Referring to fig. 7, an optical structure is formed on the top of the light-transmitting layer 401.

In this embodiment, the optical structure is a microlens 702, the microlens 702 is formed on each optical through hole filled with the light-transmitting layer 401, and the microlenses 702 and the optical through holes are in one-to-one correspondence to form a microlens array. The size of the micro-lens 702 may be slightly larger than the size of the light through hole. In other embodiments, microlenses with larger dimensions may also be formed such that there are multiple light passing holes under each microlens.

In other embodiments, the optical structure may further include functional layers such as a filter layer, an anti-reflection layer, and the like. In some embodiments, a filtering layer may be coated on the surface of the formed microlens 702 to filter the light of the unwanted wavelength band. In other embodiments, a filter material may be doped in the material of the microlens 702, so that the microlens 702 itself has a filtering function; in other embodiments, a filter material may be doped in the light-transmitting layer 401, so that the light-transmitting layer 401 has a light filtering effect, or the microlens 702 may be formed after a filter layer is formed on the surface of the light-transmitting layer 401. In other embodiments, an anti-reflection layer may also be formed on the surface of the microlens 702 and/or the interface between the light-transmissive layer 401 and the microlens 702 to improve the optical performance of the formed optical sensor chip.

The material of the micro lens 702 may be an organic polymer material such as photoresist and resin, and is formed by printing or etching. Since etching and high temperature processes are used in the process of forming the conductive structure, it is necessary to form the optical structure after the electrical connection layer 602 is formed.

In this embodiment, a light shielding layer 701 is further formed on the surface of the semiconductor substrate between adjacent optical through holes to prevent a part of the optical signal in the wavelength band with higher transmittance, such as infrared light, from penetrating through the semiconductor substrate and entering into the sensing region outside the bottom of the optical through hole. In other embodiments, the thickness of the semiconductor substrate can be adjusted, so that the semiconductor substrate itself can block the optical signal without forming an additional light shielding layer.

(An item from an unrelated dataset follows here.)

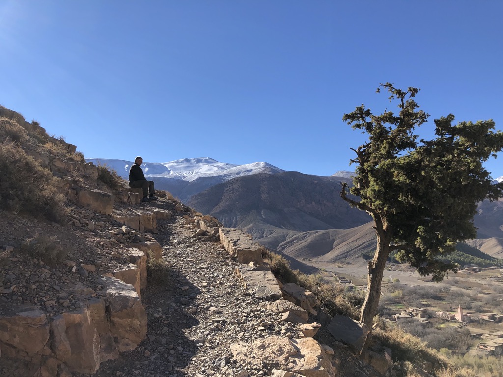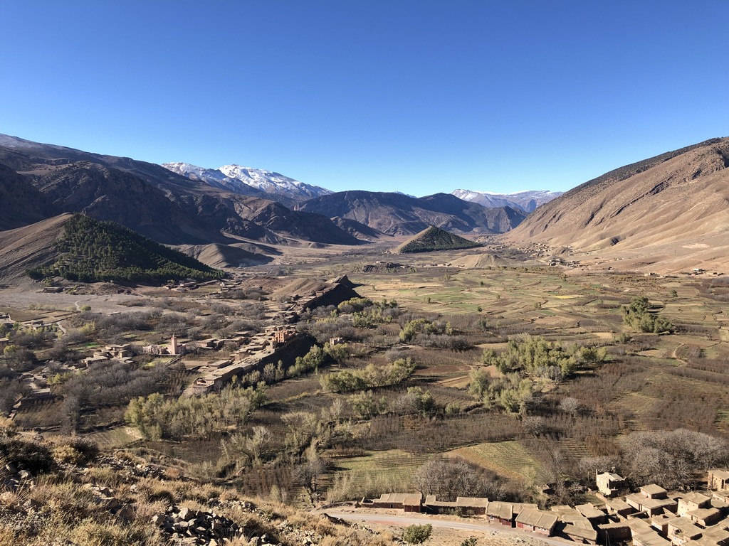 Dieses Tal mit seinen super schönen Bergen, ist wohl sehr beliebt um mehrtägige Wanderungen zu machen. Wir unternehmen am nächsten Tag eine mini kleine Tour auf einen der 2. Kegelförmigen Berge im Tal. Auf denen steht je ein Gemeinschafts-Speicherhaus, welches im arabischen Agadir genannt wird, dort haben die Menschen früher ihre Vorräte eingelagert. Die Aussicht von hier oben ist einfach ein Traum!
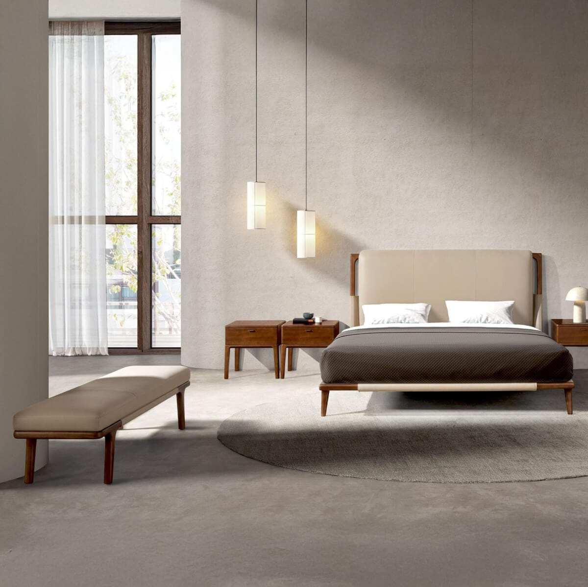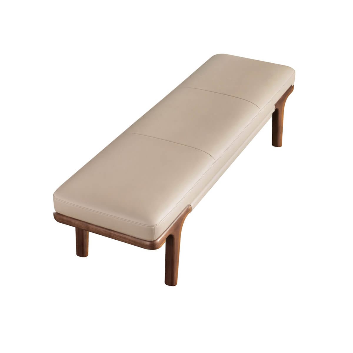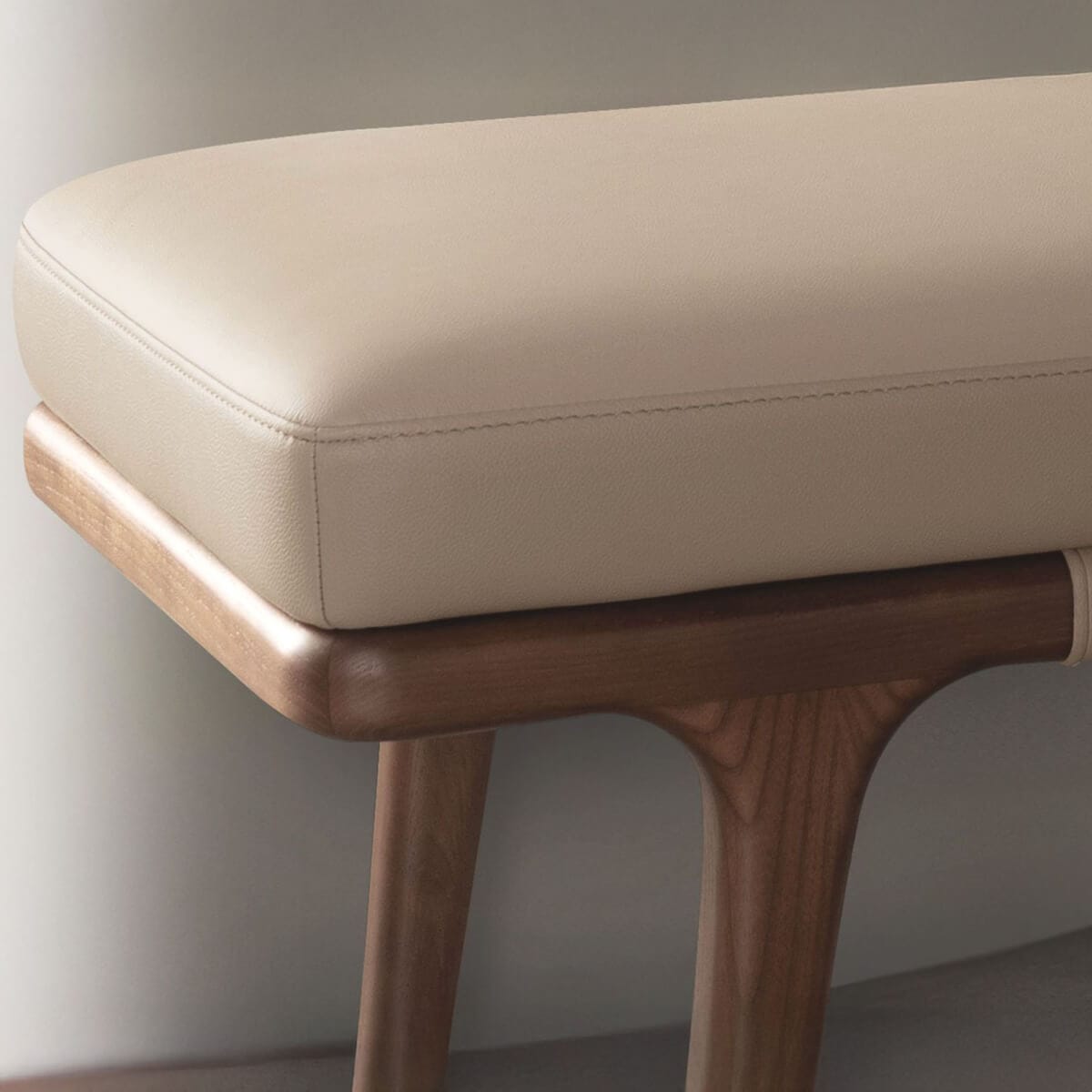 Modern dizájnú pad nercbőrrel kárpitozott ülőfelülettel. Sötét dió színű fa lábai avantgárd, mégis időtlen stílusukban kötelező darabká teszik hálószobájában.

The above processes can be performed at the wafer level, which can reduce the alignment difficulty of each step, especially reduce the alignment difficulty of forming optical structures, especially microlens. The method can control the alignment precision of the micro lens within 2 μm, thereby improving the yield and the productivity. And an optical structure is directly formed on the surface of the optical sensing chip, glass is not required to be used as an optical structure carrier, the thickness of the finally formed optical sensor can be reduced, and the step of mounting is reduced.

After the above steps are completed, the wafer may be peeled off the temporary carrier 200 and diced, so as to obtain a single optical sensor chip 800 (see fig. 8).

Referring to fig. 8, a substrate 810 is provided, a circuit board 820 is fixed on a surface of the substrate 810, the circuit board 820 has an opening 821, and the opening 821 exposes a portion of the surface of the substrate 810; the first surface 110 of the processed optical sensor chip 800 is fixed on the surface of the substrate 810 at the bottom of the opening 821, and an electrical connection is formed between the conductive structure of the optical sensor chip 800 and the circuit board 820 by a wire bonding method.

The substrate 810 is a plate material with a certain mechanical strength, such as a reinforced steel plate, a glass substrate, a ceramic substrate, etc., and is used for providing a mechanical support for the optical sensor chip 800. The substrate 810 may also be a rigid circuit board, such as a BT substrate, an FR-4 substrate, etc., which provides mechanical support and functions as a signal transmission. The circuit board 820 is a Flexible Printed Circuit Board (FPCB), has a low thickness, and can improve the flexibility of connecting the chip module with an external device due to the flexible characteristic.

The circuit board 820 has an opening 821 for accommodating the optical sensing chip 800, so that the circuit board 820 does not occupy the thickness of the whole chip module, thereby reducing the thickness of the whole chip module.

The circuit board 820 and the optical sensing chip 800 are fixed on the surface of the substrate 810 through an adhesive layer 811. The electrical connection layer 602 of the optical sensor chip 800 is connected to the bonding pad 822 on the surface of the circuit board 820 by a bonding wire, so that an electrical connection is formed between the optical sensor chip 800 and the circuit board 820.

Please refer to fig. 9 to 12, which are schematic structural views illustrating a chip module forming process according to another embodiment of the present invention.

Referring to fig. 9, on the basis of the structure shown in fig. 4, the second surface 120 of the optical sensing chip 100a is etched to form a conductive via 901, and the bottom of the conductive via 901 is exposed out of the pad 111.

Referring to fig. 10, an insulating layer 1001 covering the sidewall of the conductive via 901 is formed; forming an electrical connection layer 1002 covering the surface of the pad 111 at the bottom of the conductive through hole 901 and the surface of the insulating layer 1001; then, an optical structure 1003 is formed on top of the light-transmitting layer 401.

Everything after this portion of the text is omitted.